Bob Ebeling spent a third of his life consumed with guilt about the explosion of the space shuttle Challenger. But at the end of his life, his family says, he was finally able to find peace.

“It was as if he got permission from the world,” says his daughter Leslie Ebeling Serna. “He was able to let that part of his life go.”

Ebeling died Monday at age 89 at in Brigham City, Utah, after a long illness, according to his daughter Kathy Ebeling.

Hundreds of NPR readers and listeners helped Ebeling overcome persistent guilt in the weeks before his death. They sent supportive e-mails and letters after the January story marking the 30th anniversary of the Challenger tragedy.

Ebeling was one of five booster rocket engineers at NASA contractor Morton Thiokol who tried to stop the 1986 Challenger launch. They worried that cold temperatures overnight — the forecast said 18 degrees — would stiffen the rubber o-ring seals that prevent burning rocket fuel from leaking out of booster joints.

“We all knew if the seals failed, the shuttle would blow up,” said engineer Roger Boisjoly in a 1986 interview with NPR’s Daniel Zwerdling.

Ebeling was the first to sound the alarm the morning before the Challenger launch. He called his boss, Allan McDonald, who was Thiokol’s representative at the Kennedy Space Center in Florida.

McDonald phoned Ebeling recently after hearing the NPR story.

“If you hadn’t called me,” McDonald told Ebeling, “they were in such a ‘go’ mode, we’d have never been able to stop it.”

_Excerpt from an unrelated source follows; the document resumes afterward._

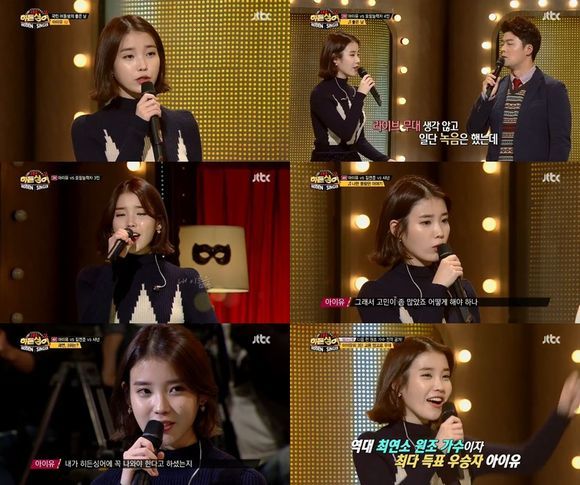 아이유는 23일 오후 방송된 JTBC '히든싱어 시즌2(이하 '히든싱어2')'에서 88표의 득표수로 최종우승을 차지했다.

Three decades ago, McDonald organized a teleconference with NASA officials, Thiokol executives and the worried engineers.

Ebeling helped assemble the data that demonstrated the risk. Boisjoly argued for a launch delay. At first, the Thiokol executives agreed and said they wouldn’t approve the launch.

“My God, Thiokol,” responded Lawrence Mulloy of NASA’s Marshall Spaceflight Center. “When do you want me to launch? Next April?”

Despite hours of argument and reams of data, the Thiokol executives relented. McDonald says the data was absolutely clear but politics and pressure interfered.

Ebeling blamed himself for failing to convince Thiokol executives and NASA to wait for warmer weather.

“I think that was one of the mistakes God made,” Ebeling told me in January. “He shouldn’t have picked me for that job.”

The morning of the launch, a distraught Ebeling drove to Thiokol’s remote Utah complex with his daughter.

“He said, ‘The Challenger’s going to blow up. Everyone’s going to die,'” Serna recalls. “And he was beating his fist on the dashboard. He was frantic.”

Serna, Ebeling and Boisjoly sat together in a crowded conference room as live video of the launch appeared on a large projection screen. When Challenger exploded, Serna says, “I could feel [Ebeling] trembling. And then he wept — loudly. And then Roger started crying.”

Three weeks later, I sat with Ebeling at his kitchen table, tears and anger punctuating his words. He didn’t want to be recorded or named at the time. Both he and Boisjoly, who died in 2012, became NPR’s anonymous sources in the first detailed account of the effort to keep Challenger grounded.

“That’s my engineering background coming out,” Ebeling explained three decades later. “Somebody should tell … the truth.”

Ebeling retired soon after the Challenger disaster. He used his engineering expertise and what he proudly called his love of ducks to help restore a bird refuge near his home, which was damaged by floodwater from the Great Salt Lake. In 1990, President George H. W. Bush presented Ebeling with the Theodore Roosevelt Conservation Award.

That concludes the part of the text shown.